PROBLEM TO WORK ON: Each line below from the one containing "When working folders" through the one containing "Description: Specifications Maker:RIZZINI" should be output exactly as it stands, and no other line should appear.

DATA TO EXAMINE:
================================

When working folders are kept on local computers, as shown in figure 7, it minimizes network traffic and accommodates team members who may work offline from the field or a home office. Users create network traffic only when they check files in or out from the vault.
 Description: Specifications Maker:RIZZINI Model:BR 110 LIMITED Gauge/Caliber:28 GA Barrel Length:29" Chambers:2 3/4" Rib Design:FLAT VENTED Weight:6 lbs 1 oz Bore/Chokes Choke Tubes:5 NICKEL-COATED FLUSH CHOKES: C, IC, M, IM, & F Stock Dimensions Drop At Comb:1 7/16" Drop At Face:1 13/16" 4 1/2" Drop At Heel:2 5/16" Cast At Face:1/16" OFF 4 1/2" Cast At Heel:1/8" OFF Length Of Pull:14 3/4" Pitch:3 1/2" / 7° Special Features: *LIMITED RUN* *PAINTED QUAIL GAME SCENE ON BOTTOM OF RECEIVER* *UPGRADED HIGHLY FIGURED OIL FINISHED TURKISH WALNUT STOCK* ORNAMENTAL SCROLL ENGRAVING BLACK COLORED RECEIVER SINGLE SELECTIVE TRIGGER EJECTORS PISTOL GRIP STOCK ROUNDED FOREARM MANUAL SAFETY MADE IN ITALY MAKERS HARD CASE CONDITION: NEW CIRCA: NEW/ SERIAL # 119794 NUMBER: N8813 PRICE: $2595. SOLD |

================================

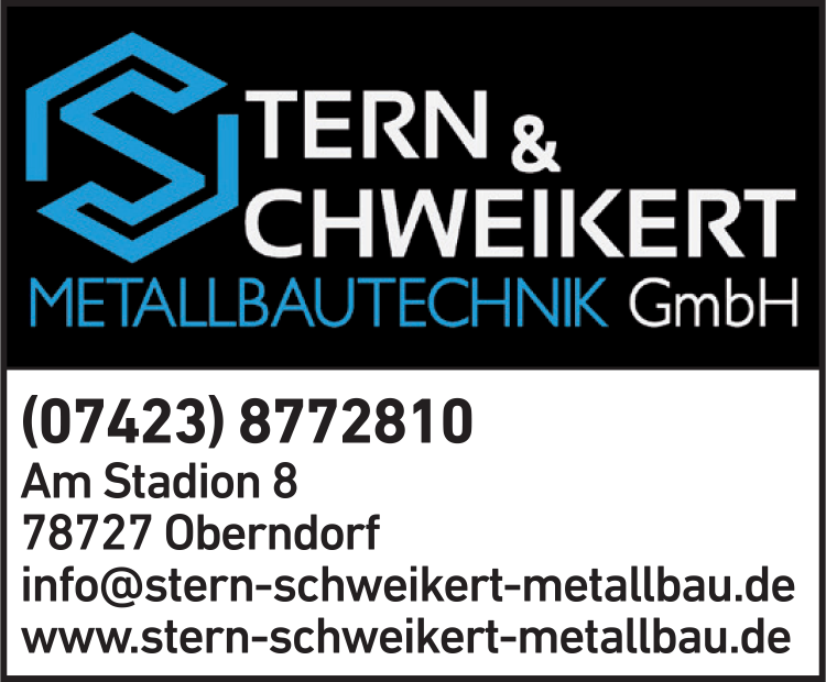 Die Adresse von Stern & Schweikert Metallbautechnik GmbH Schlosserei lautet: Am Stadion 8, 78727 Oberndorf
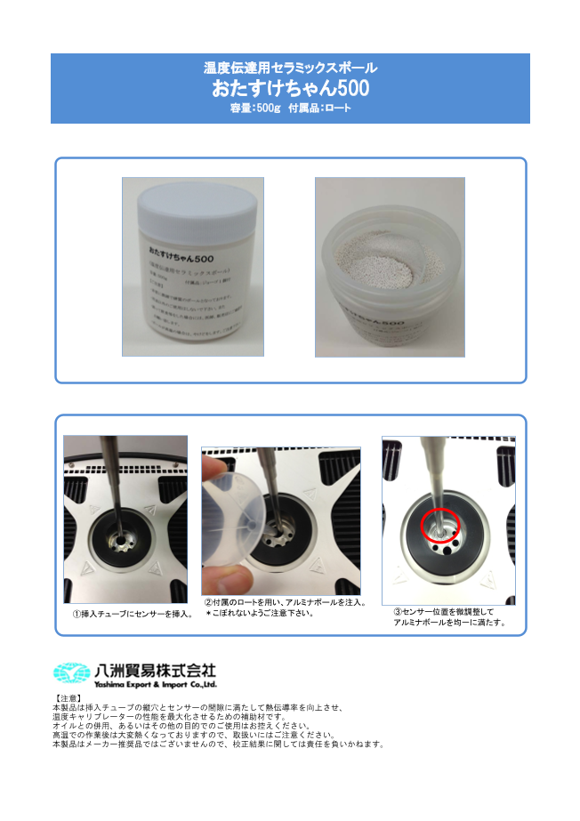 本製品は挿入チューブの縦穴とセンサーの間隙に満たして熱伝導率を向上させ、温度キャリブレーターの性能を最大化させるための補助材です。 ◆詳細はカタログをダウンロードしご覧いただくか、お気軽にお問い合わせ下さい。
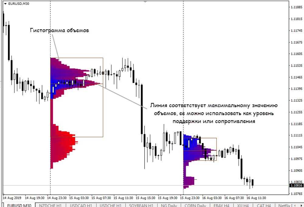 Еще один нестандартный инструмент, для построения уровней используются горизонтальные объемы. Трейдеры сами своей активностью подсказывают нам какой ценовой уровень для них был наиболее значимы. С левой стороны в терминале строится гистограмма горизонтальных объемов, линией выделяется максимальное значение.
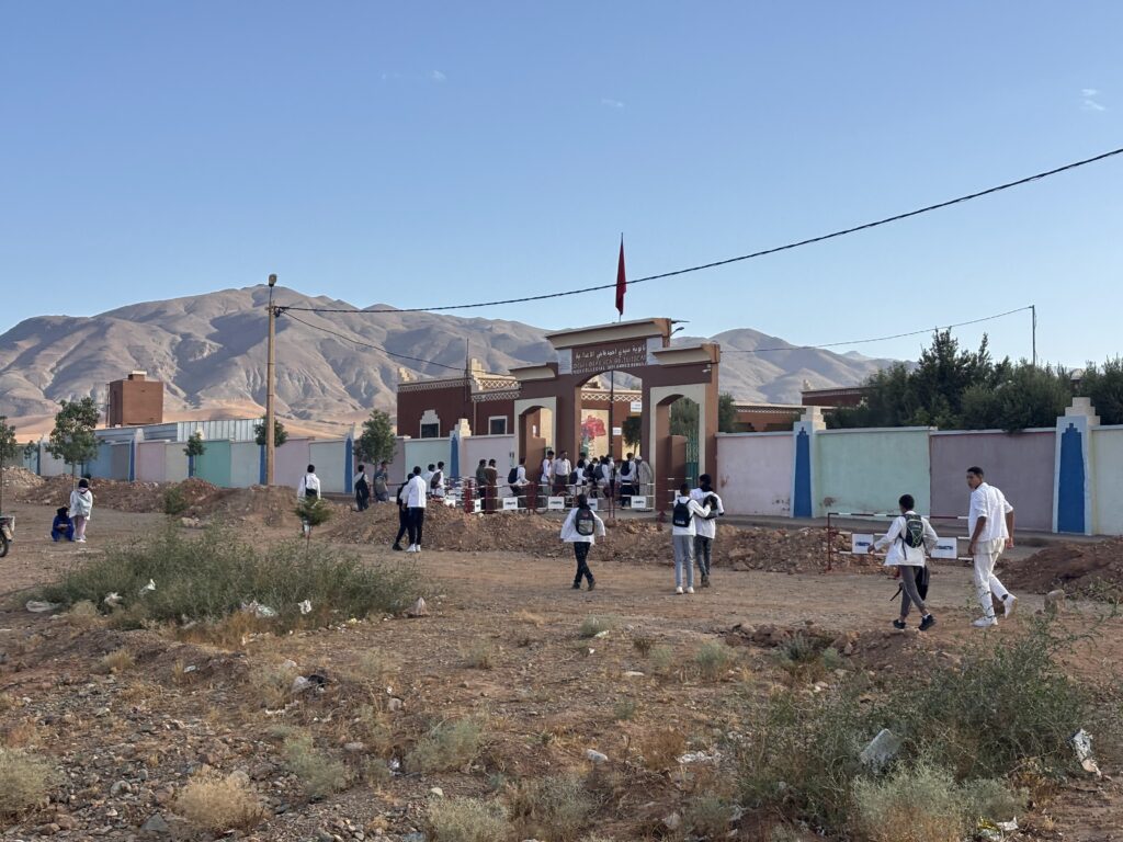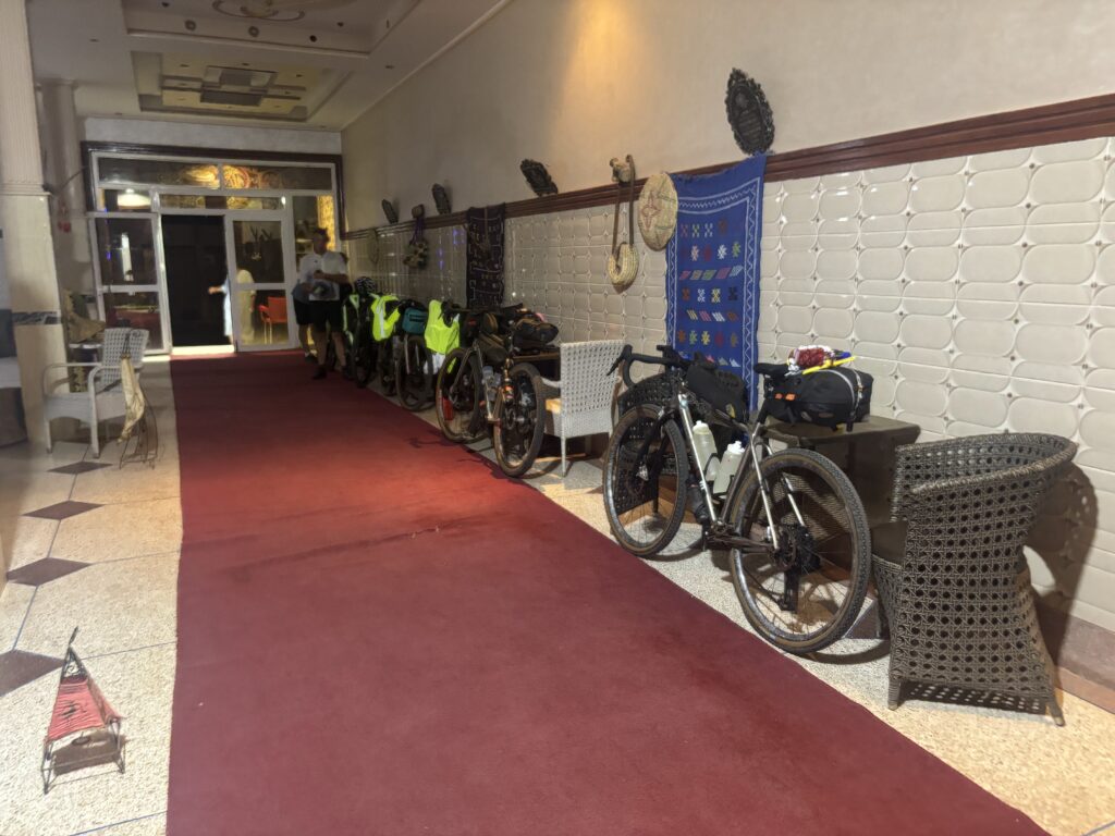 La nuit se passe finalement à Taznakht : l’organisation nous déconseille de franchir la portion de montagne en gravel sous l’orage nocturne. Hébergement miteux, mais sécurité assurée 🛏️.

================================

EXERCISE ANSWER:
When working folders are kept on local computers, as shown in figure 7, it minimizes network traffic and accommodates team members who may work offline from the field or a home office. Users create network traffic only when they check files in or out from the vault.
 Description: Specifications Maker:RIZZINI Model:BR 110 LIMITED Gauge/Caliber:28 GA Barrel Length:29" Chambers:2 3/4" Rib Design:FLAT VENTED Weight:6 lbs 1 oz Bore/Chokes Choke Tubes:5 NICKEL-COATED FLUSH CHOKES: C, IC, M, IM, & F Stock Dimensions Drop At Comb:1 7/16" Drop At Face:1 13/16" 4 1/2" Drop At Heel:2 5/16" Cast At Face:1/16" OFF 4 1/2" Cast At Heel:1/8" OFF Length Of Pull:14 3/4" Pitch:3 1/2" / 7° Special Features: *LIMITED RUN* *PAINTED QUAIL GAME SCENE ON BOTTOM OF RECEIVER* *UPGRADED HIGHLY FIGURED OIL FINISHED TURKISH WALNUT STOCK* ORNAMENTAL SCROLL ENGRAVING BLACK COLORED RECEIVER SINGLE SELECTIVE TRIGGER EJECTORS PISTOL GRIP STOCK ROUNDED FOREARM MANUAL SAFETY MADE IN ITALY MAKERS HARD CASE CONDITION: NEW CIRCA: NEW/ SERIAL # 119794 NUMBER: N8813 PRICE: $2595. SOLD |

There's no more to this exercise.